L'histoire commence alors que Mayuki Yukishita, une adorable et pure élève de troisième, s'est mis en tête de faire tout son possible pour intégrer le même lycée qu'Akira Hanamaki, sa senpai qu'elle a toujours profondément admirée et qui est actuellement en seconde. C'est simple, aux yeux de Mayuki, Akira incarne la perfection:elle est cool,toujours avenante, mature, populaire... et elle n'est pas la seule à le penser puisque, même dans son lycée, Akira sort facilement du lot et est appréciée de tout le monde. Seulement, on sent vite que ce que ressent Mayuki pour Akira dépasse en réalité beaucoup l'admiration, à tel point que son coeur se serre en voyant que celle qu'elle adore plus que tout la traite encore comme une gamine. Et comme si cela ne suffisait pas pour la tourmenter, la jeune fille n'est absolument pas assuré d'avoir un niveau suffisant pour intégrer le lycée d'Akira, car ses notes ne sont pas assez bonnes...

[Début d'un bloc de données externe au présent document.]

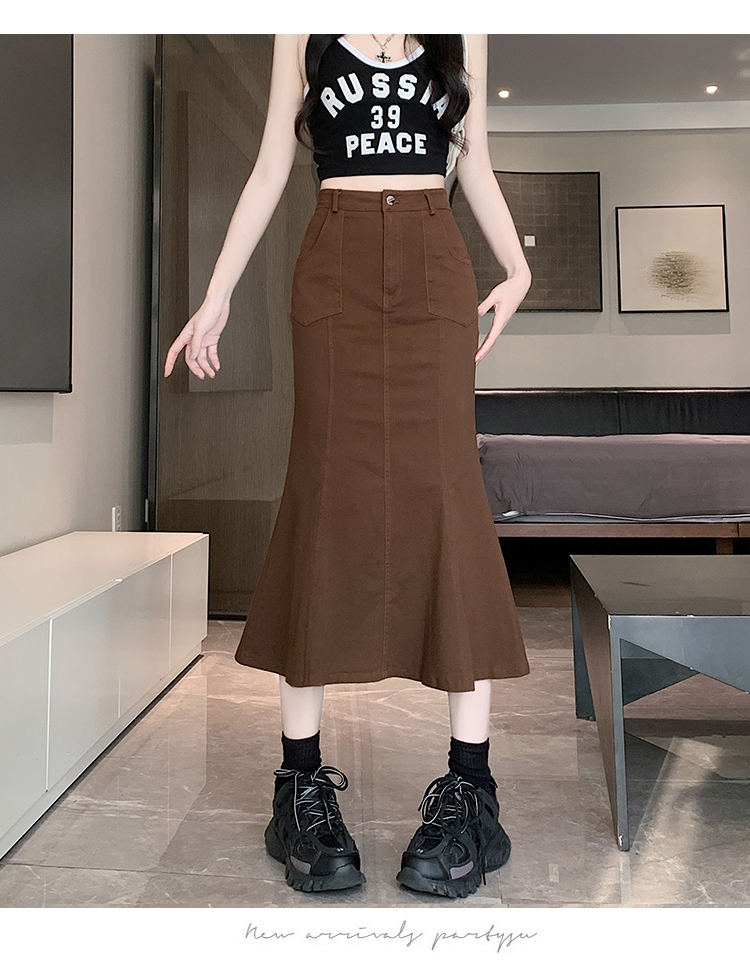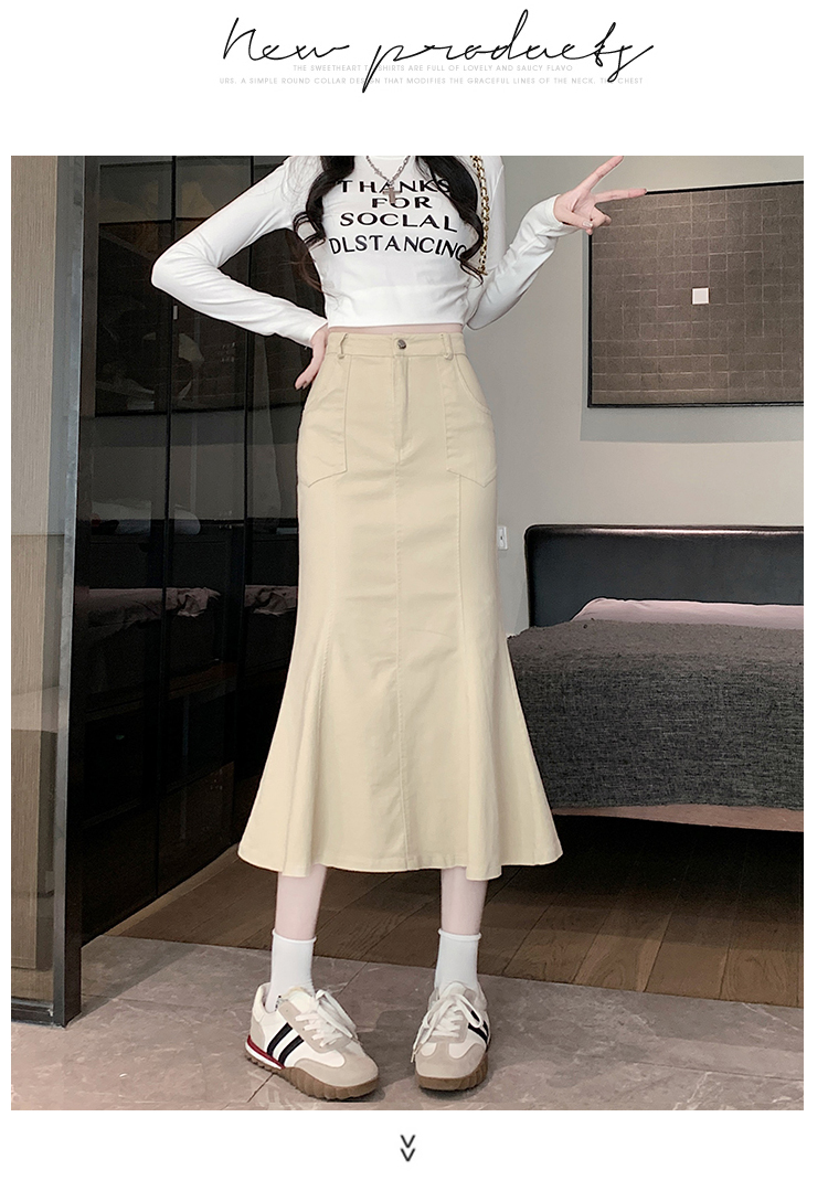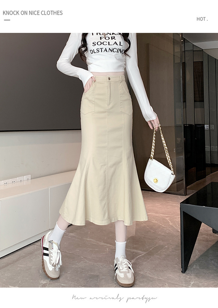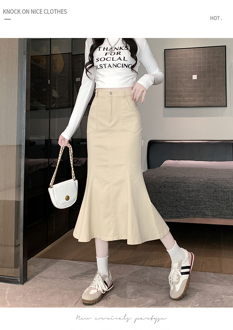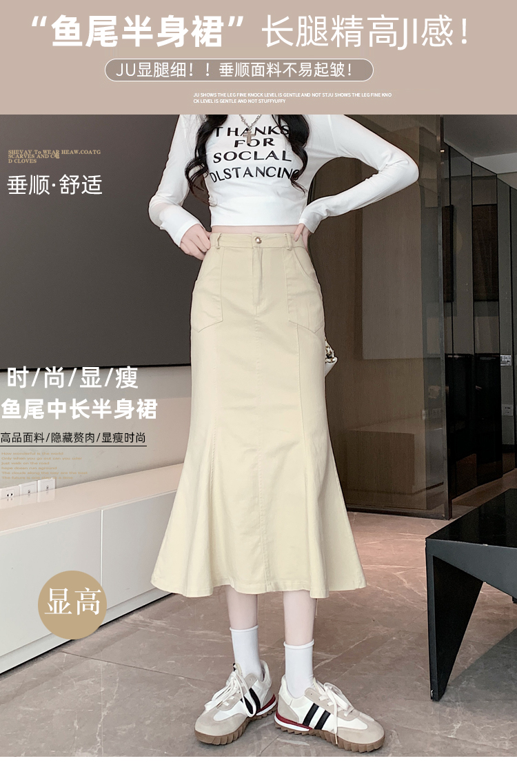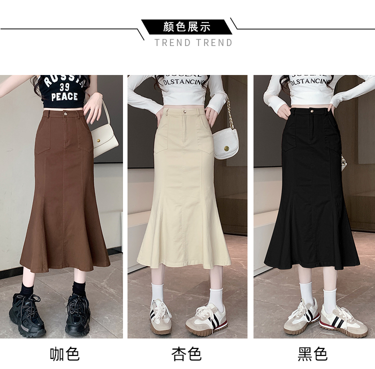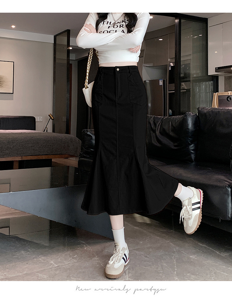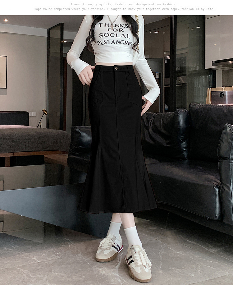 RM33355#新款半身裙女黑色弹力高腰裙中长款百搭修身鱼尾裙子

C'est dans ce contexte que, lors d'une visite dans son possible futur lycée, la collégienne est témoin d'une scène délicate entre deux filles: après avoir échangé un baiser, l'une d'elles gifle l'autre et part en pleurs, signe d'un amour soudainement brisé. Restée là en larmes, la fille giflée, nommée Rin Mochizuki, s'attire ensuite la sympathie de Mayuki qui échange quelques mots avec elle... Et à cet instant-là, aucune d'elles ne pourrait deviner que, quelque temps plus tard, Rin deviendrait la nouvelle prof particulière de Mayuki, embauchée par sa mère pour l'aider à intégrer le lycée de ses rêves ! Au fil des leçons, les deux jeunes filles en viennent vite à sympathiser toujours plus, à s'ouvrir l'une à l'autre, à se confier, en finissant inévitablement à revenir sur le fameux incident ayant marqué leur première rencontre. Finissant par parler à Mayuki de son passé et de la difficulté qu'elle a à n'aimer qu'une seule personne, Rin se voit alors étonnamment proposer quelque chose par la collégienne: désireuse d'être à la hauteur d'Akira en devenant plus mâture, Miyuki veut aussi un autre type de leçons, entre conseils amoureux et apprentissage de comment embrasser. Attendrie par son élève, Rin accepte, et à ce moment-là aucune des deux filles ne pourrait deviner jusqu'où pourraient aller les conséquences...

Forcément, au vu de cette situation, certains éléments du pitch jouent volontiers sur des petits fantasmes autour d'adolescentes s'éveillant de plus en plus à l'amour, et ce ne sont les quelques baisers légèrement baveux qui démontreront le contraire. Mais heureusement, Canno ne va pas spécialement plus loin (du moins pour le moment) et évite le voyeurisme mal placé, pour mieux se concentrer sur le triangle amoureux qui se met en place. Et même s'il repose sur quelques grosses ficelles, il faut avouer que ce fameux triangle véhicule déjà des choses intéressantes, qui doivent en premier lieu beaucoup à l'attachement que l'on ressent facilement pour les trois héroïnes.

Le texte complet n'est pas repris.